Here’s Why The Fed Could Stay Easy For A Looooong Time
This week Jerome Powell tossed the market a bone by hinting that the Fed would be patient in raising short-term interest rates due to the continued slack in the US labor market and inflation that would likely be “transitory”. Yet, today, the unemployment rate dropped more than expected to 4.6%, a relatively low level of unemployment. Wouldn’t a low unemployment rate like 4.6% cause the Fed to at least begin talking about a faster taper of asset purchases or even rate increases?
As always, the devil is in the details. When looking at why the unemployment rate fell in October one of the primarily reasons was because the employment participation rate fell as well! That is, the unemployment rate fell, in part, because many people exited the labor market. A smaller labor market is troubling because it implies:
a skills mismatch between employers and job seekers, which is bad because it could mean the participation rate will be slow to recover and
also implies a lower level of growth, since GDP growth = labor force growth * productivity growth
As the reader can see, the participation rate fell from about 63.5% pre-COVID to just 61.6% today. The overall participation rate has been flat for a year and a half now.
When we dig deeper into the participation rate we notice that all ages of workers are dropping out of the labor market. In the 55+ category, the participation rate is down 2% from the pre-COVID level and is showing no signs of improving. In the 25-54 category, the participation rate is also 2% lower than pre-COVID, but is at least on an upward trajectory.
In total, lower labor force participation has caused the total US labor force to shrink from 159m pre-COVID to 154m today, or an aggregate loss of 5m jobs.
That loss of 5m jobs ignores that, but for COVID, the total number of employed people in the US would likely have grown due to population growth and millennials entering the labor force faster than boomers exit.

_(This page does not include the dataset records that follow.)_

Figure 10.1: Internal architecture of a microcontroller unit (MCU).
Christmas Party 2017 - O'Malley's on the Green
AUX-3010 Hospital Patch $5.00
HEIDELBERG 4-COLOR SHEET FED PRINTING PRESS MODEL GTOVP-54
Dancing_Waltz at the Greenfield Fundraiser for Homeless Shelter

Had the US job market continued adding jobs through 2021, total US employment would be more like 162m by now. So, the total number of folks that are not in the labor market, but could be, may actually be more like 8m (162m-154m) than 5m.

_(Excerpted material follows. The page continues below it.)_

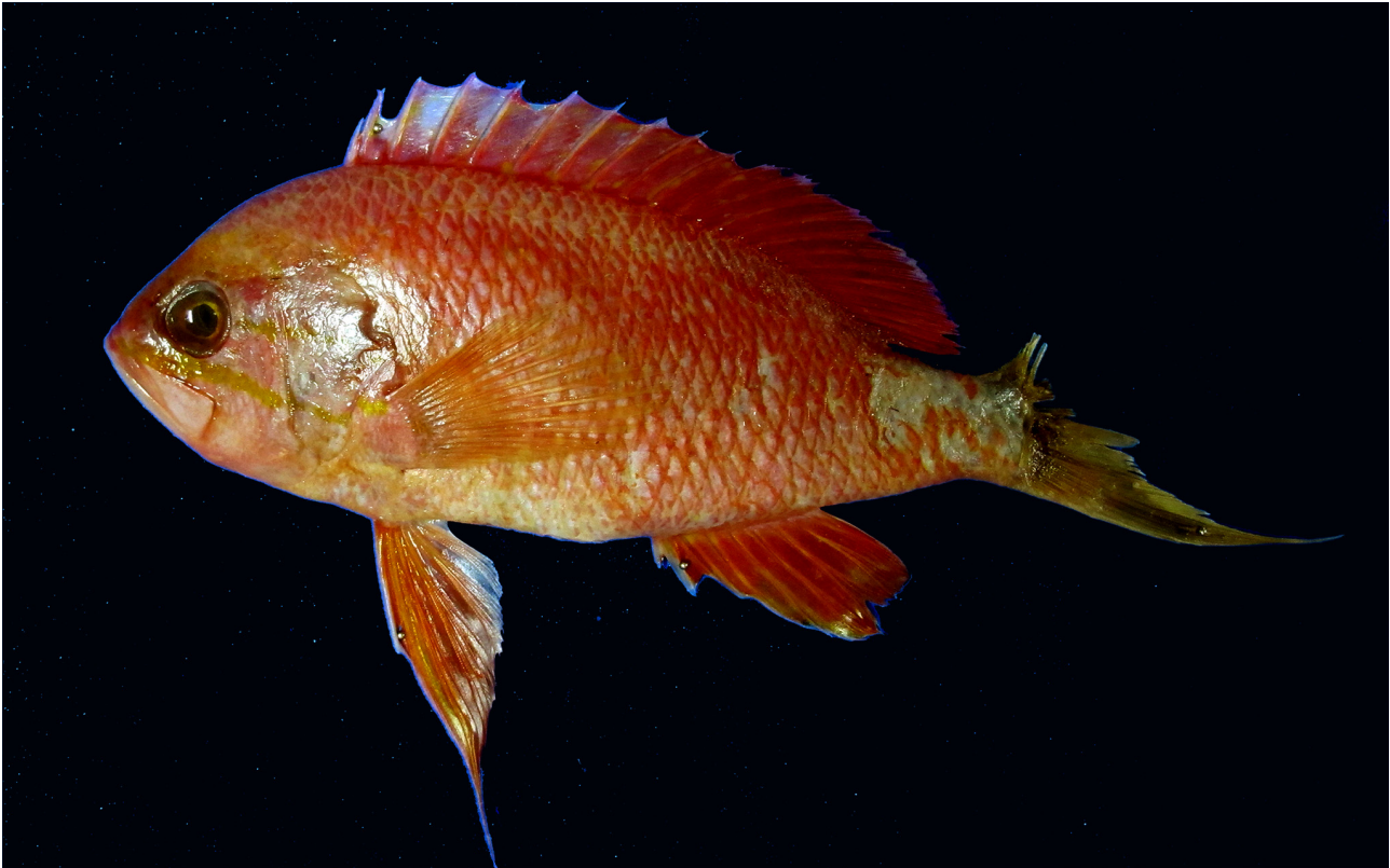
FIGURE 2. Odontanthias cauoh sp. n., MZUSP 111260, holotype, 165.2 mm SL from São Pedro and São Paulo Archipelago, Brazil.

Diagnosis. The new species differs from its only Atlantic congener by a combination of several characters: pectoral-fin rays 20; total gill rakers on first arch 39; vomerine tooth patch with a posterior prolongation; pelvic fin not reaching base of last anal-fin ray; dorsal, anal, and pelvic fins scaleless; and coloration (dorsal, anal, and pelvic fins mostly dark red).

What would cause the Fed to raise rates even though as many as 8m people may be out of the labor market and the participation rate is making no progress? Inflation, of course.
But, we must also take note of how the Fed looks at the world. The Fed sees a link between employment and inflation. Indeed, while such a link ebbs and flows through time, it has been strong in the post Great Financial Crisis era. As the reader can see, the employment participation rate and CPI have moved in the same direction since the 2009…until 2021. The fact that the participation rate has made no progress in nearly 18 months is one strong data point that would suggest to the Fed that inflation is “transitory”. If inflation is “transitory” then there is no need to tighten policy aggressively.
Perhaps that is why 2 year yields have fallen 10bps in the last several days, gold has rallied by a few percent, and the Fed Funds futures market is starting to price out rate hikes for 2022?